Two full years elapsed between the opening of the first Rough Trade store and the label's debut release in February 1978: Metal Urbain's "Paris Maquis". "We thought they were the French Sex Pistols", says Geoff Travis (Rough Trade's founder). Next came an Augustus Pablo single. But it was ROUGH 3 - the Extended Play EP by Sheffield experimental trio Cabaret Voltaire - that really tapped the emergent postpunk gestalt.
Metal Urbain - Paris Maquis 1978
Cabaret Voltaire - Here She Comes Now (Velvet Underground cover) 1978
But what really put the label on the map and made the majors sit up and take apprehensive notice was when Inflammable Material, the Rough Trade album by Belfast punk band Stiff Little Fingers, went straight onto the U.K.'s national pop charts at number fourteen in February 1979.
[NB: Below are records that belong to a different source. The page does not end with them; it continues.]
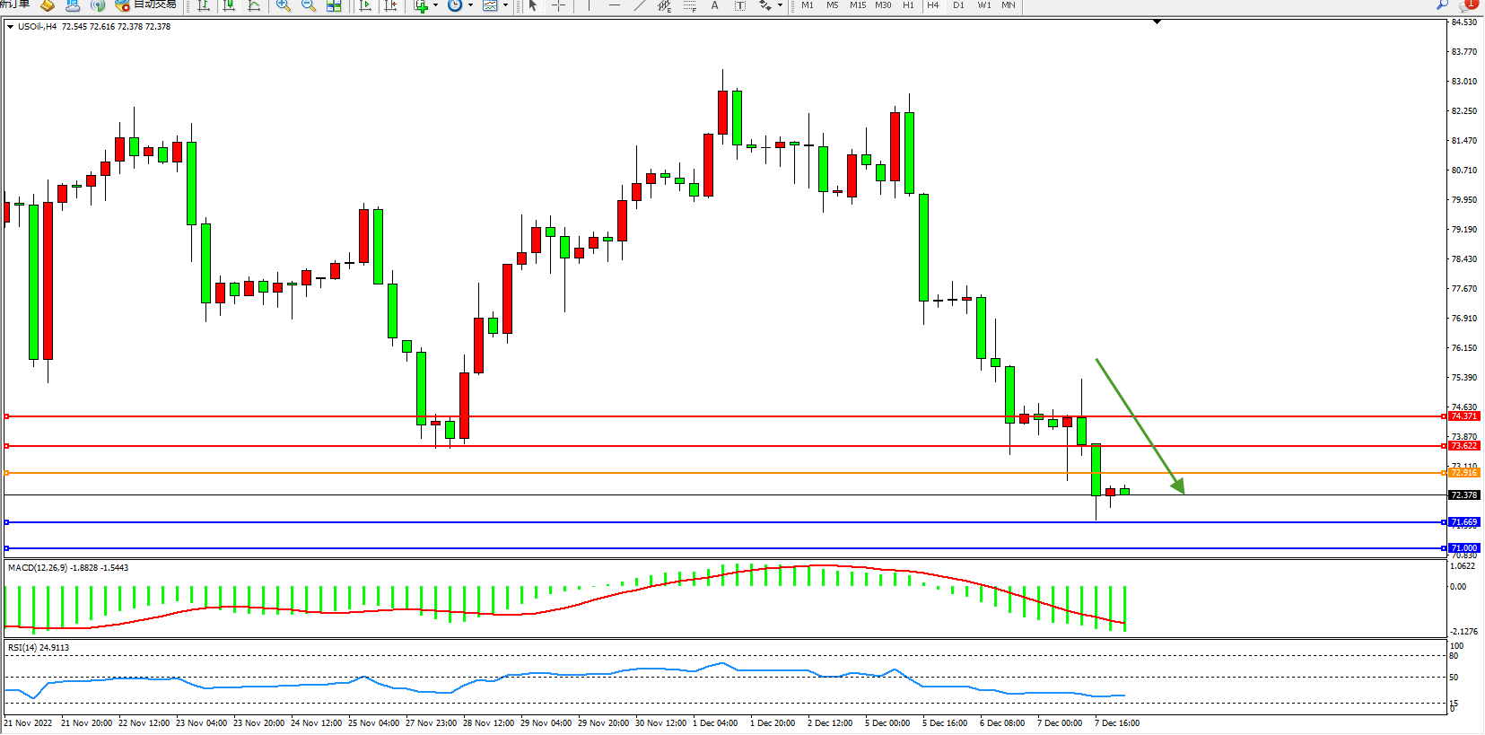 交易策略:72.916下方看跌,目标71.669、71.000
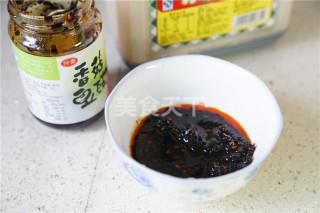 2、锅里加油下姜爆香,将冷肉末改刀下锅煎炒出味。
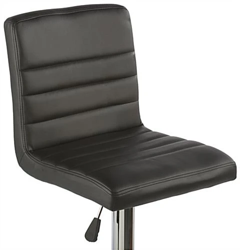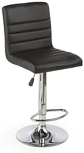 This black leather bar stool is the ultimate combination of modern style and comfort. A leatherette cushioned seat has a high backrest designed to ensure user comfort. Each contemporary bar stool features a height adjustable hydraulic lift that allows the unit to be altered for table or counter use. 360° rotation permits the seat to swivel, a great functionality for trade shows! Avoid becoming easily fatigued from long days in an exhibit booth with this bar stool equipped with a foot rest and high cushioned backrest. As an added convenience, each order of this height adjustable hydraulic chair comes as a set of 2 seats!
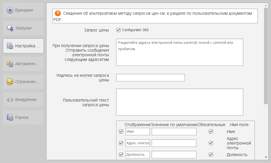 Настройка полей, отображаемых после нажатия клиентом кнопки запроса цены.

Teenagers growing up in Solihull - a middle class suburb on the edge of the Midlands industrial city Birmingham - Swell Maps were a gang of friends centered around two brothers who hated their given surname (Godfrey) so much they renamed themselves Nikki Sudden and Epic Soundtracks.
Pooling their savings and borrowing some from the Godfreys' parents, Swell Maps pressed two thousand copies of their debut, "Read About Seymour". Released on the group's own label, Rather, the single is often said to be about Seymour Stein, founder of the New Wave-friendly U.S. label Sire, who'd signed Talking Heads and the Ramones.
Actually, the title refers to a totally different Seymour Stein, this one known as "the king of mods" in 1960s England. The lyrics, though, were composed in cut-up fashion.
Swell Maps - Read About Seymour - 1977
Swell Maps were obsessed with war, but in a whimsical and boyishly innocuous way. "Then Poland", "Midget Submarines" and "Ammunition Train" drew on military history (especially the Spanish succession wars of the early eighteenth century) and the boys' adventure story character Biggles, also a fighter pilot.
Swell Maps - Midget Submarines - 1979
Swell Maps - Ammunition Train - 1978
The Maps also loved Gerry Anderson's marionette TV shows of the sixties, Thunderbirds and Stingray. A Stingray episode provided the title for Swell Maps' debut album, A Trip to Marineville.
Along with their pals the Television Personalities, Swell Maps invented a whole strand of postpunk that made a fetish of naiveté, characterized by weak vocals, shaky rhythms, rudimentary droning basslines and fast-strummed discords. For believers, much more than the "sped-up heavy metal" that was first-wave punk, this was the true realization of the here's-three-chords-now-start-a-band ethos - except some of the groups didn't even have three chords.
"It took me two years to learn two chords", Sudden told NME. "I can't even see ourselves becoming polished, note perfect and all that. We hardly ever rehearse - about once every six months".
Fervent amateurists, Swell Maps believed bands got ruined when they depended on playing gigs and releasing records in order to make a living. One of the reasons the group split, shortly before the release of their second album Jane From Occupied Europe, was that they were becoming too successful, with a tour of America looming.
Many of the groups in Swell Maps' wake, though, went a step further and equated amateurism with amateurishness, the deliberate avoidance of anything that smacked of professionalism or slickness. From the liberating declaration that "anyone can do it", DIY became a confining injunction to sound like anyone can do it.
Swell Maps were always more expansive and experimental than this: for every frantic racket such as "Let's Build a Car", there was an eerie metallic instrumental, such as "Big Empty Field", clangorous and full of cavernous hollows, the missing link between Neu! and Sonic Youth.